= Beginning of Section =
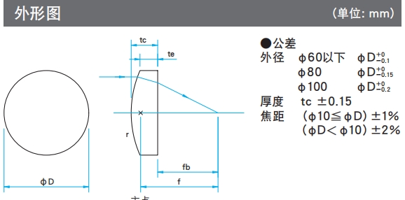 ?球面平凸透鏡有色差,焦距隨波長變化。各波長的焦距請參考網(wǎng)頁上的焦距隨波長變化特性數(shù)據(jù)”確認(rèn)。
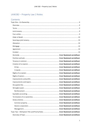 The notes include a comprehensive outline of all of the topics covered in LAW282. I used these notes for my assignment, exam preparation and my exam.
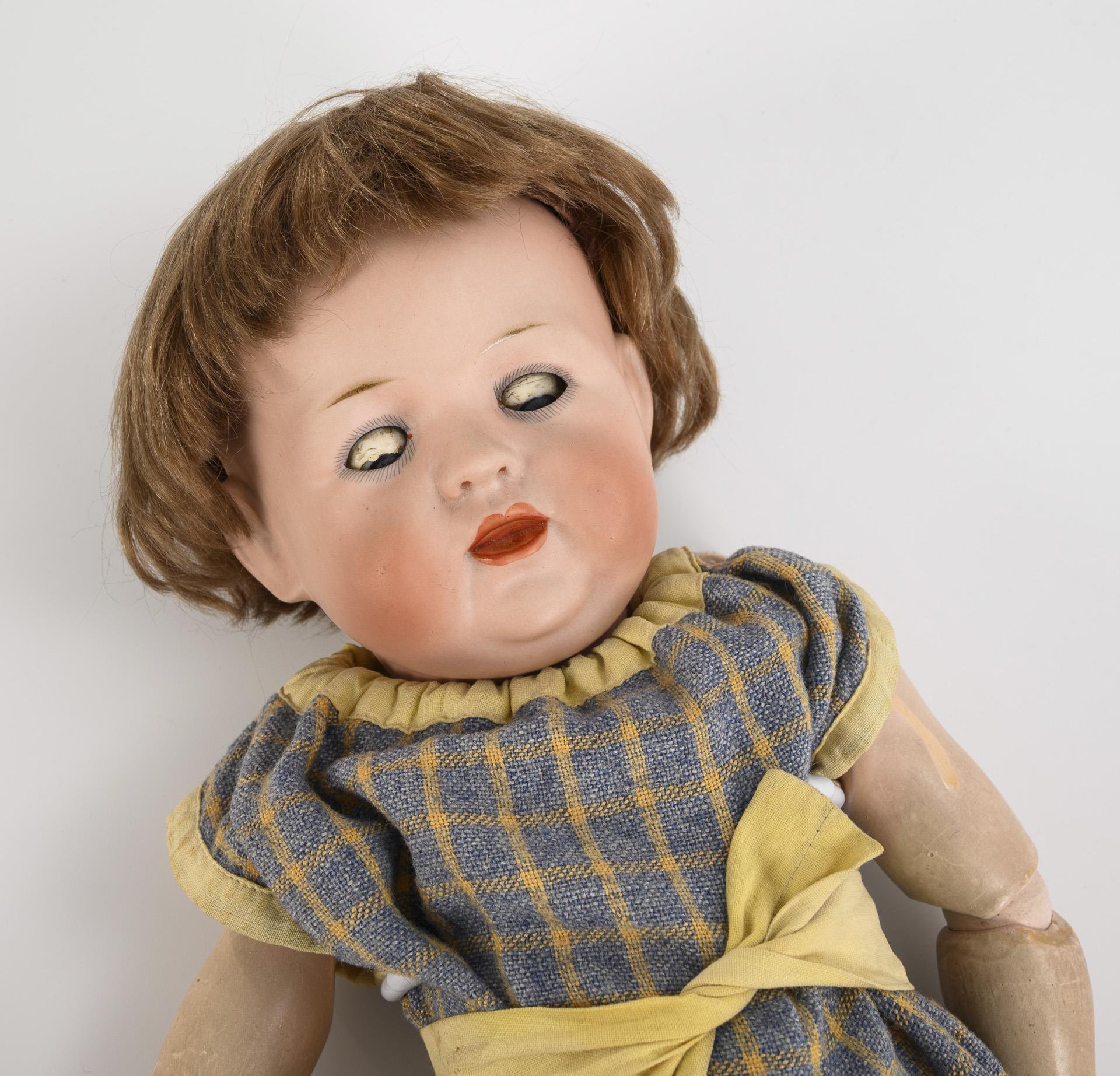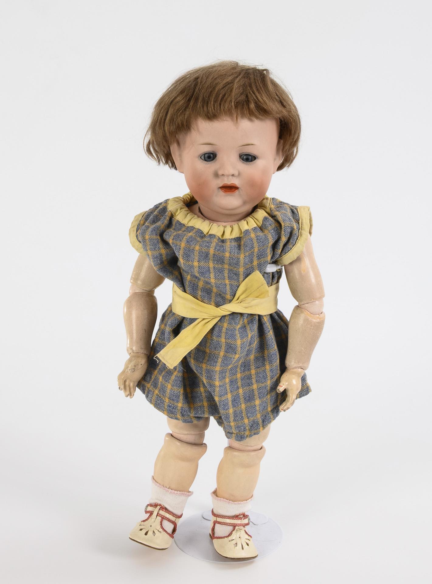 Kurbelkopf, blaue Schlafaugen, offen/geschlossener Mund, mittelblonde Mohairperücke. 17-teiliger Gliederkörper. Karierter Spielanzug, weiße Wachstuchschuhe. Kopf durchleuchtet: ohne Defekte.
= End of Section =
▸ **What is needed**: Retype all of the listing word for word and skip the pictures.

▸ **Task solution**:
 ?球面平凸透鏡有色差,焦距隨波長變化。各波長的焦距請參考網(wǎng)頁上的焦距隨波長變化特性數(shù)據(jù)”確認(rèn)。
 The notes include a comprehensive outline of all of the topics covered in LAW282. I used these notes for my assignment, exam preparation and my exam.
 Kurbelkopf, blaue Schlafaugen, offen/geschlossener Mund, mittelblonde Mohairperücke. 17-teiliger Gliederkörper. Karierter Spielanzug, weiße Wachstuchschuhe. Kopf durchleuchtet: ohne Defekte.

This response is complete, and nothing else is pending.